Hi, having had Graves about 15 years and used PTU, I finally had a wake up call that I shouldn't be living with chronic neutropenia for life . I am always around 1.0 neutrophils (2 - 7) and ended up with a viral illness that landed me in hospital for a week which was apparently compounded by my neutropenia (0.4 at the time due to PTU). (carbimazole / meth gives me same issue).
15 days after dropping PTU I have a lifetime high of 2.02 neutrophils. But I can feel myself starting to go hyper slowly.
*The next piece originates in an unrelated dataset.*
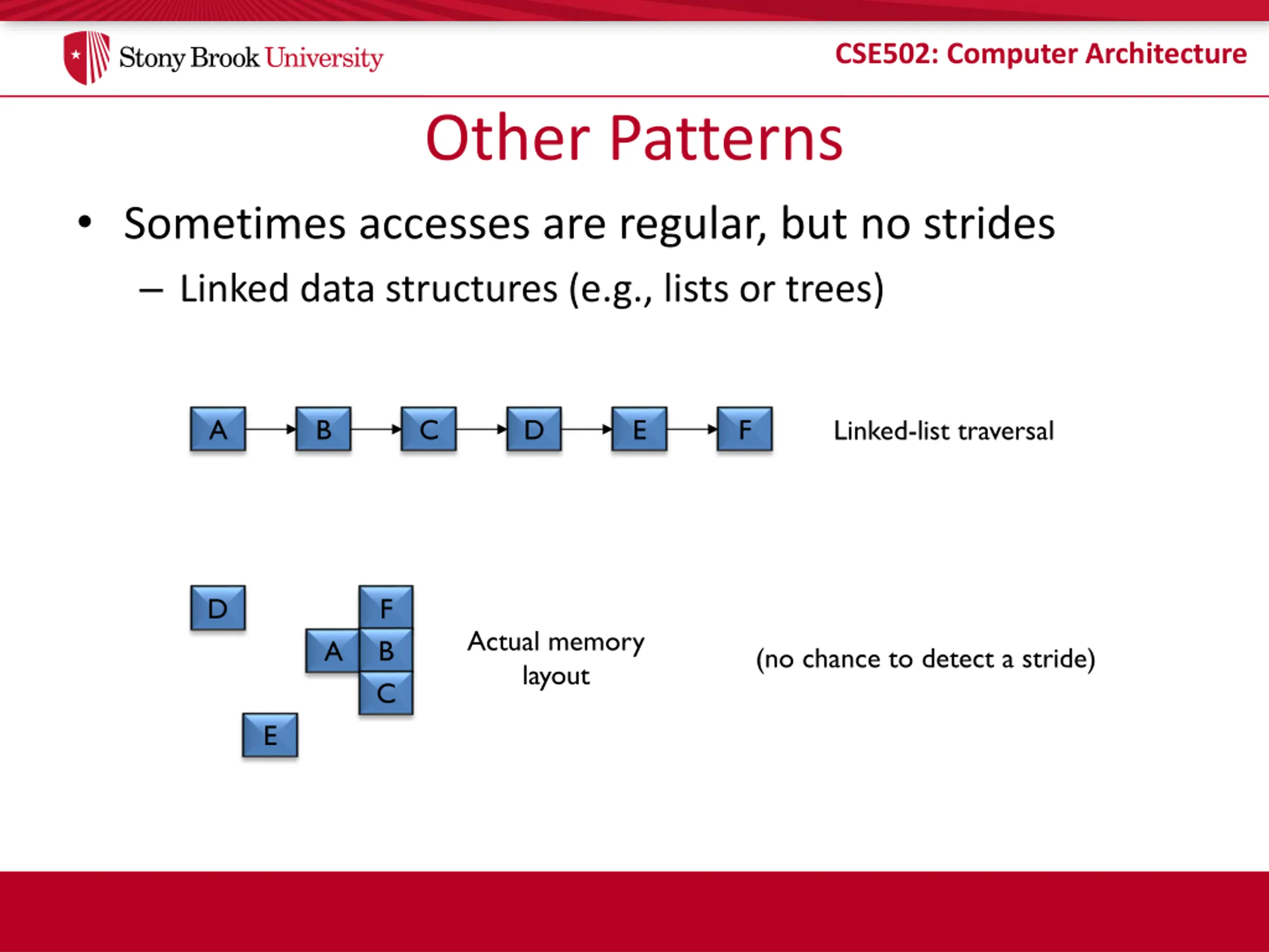 CSE502: Computer Architecture Other Patterns Sometimes accesses are regular, but no strides Linked data structures (e.g., lists or trees) A B C D E F Linked-list traversal D F B C Actual memory layout A (no chance to detect a stride) E

Because my FT4/FT3 raises rapidly when I discontinue PTU I was instructed to go straight for surgery or RAI by my endo. Surgeon (london, invasive, expensive, private) today recommended RAI based on my history despite assumedly earning more £ from thyroidectomy.
I have mild TED (1 - 2 mm proptosis). Surgeon says using corticosteroids for 3 days during RAI I will ensure no effect on the eyes.
I never wanted to nuke my thyroid - I hoped they would cure the antibody thing so I could avoid the exogenous hormone route. But I guess I'm in a time crisis here. All doctors advised me never to go back on anti thyroid drugs and not walk around with WBCs like I'm on chemo.
If anyone gets the time, questions please:
- Any final reason why I shouldn't do RAI?
- Is he right that he is certain that with the usage of corticosteroids I will not have further TED issues?
- He also said the antibodies usually drop to baseline after RAI, effectively causing a remission. I thought they stayed high perpetually. Is he right? Mine are always in the 300 - 500s.
Thanks to anyone who has any thoughts.
PS I know about the clinical trial to lower antibodies but I am invalid for it.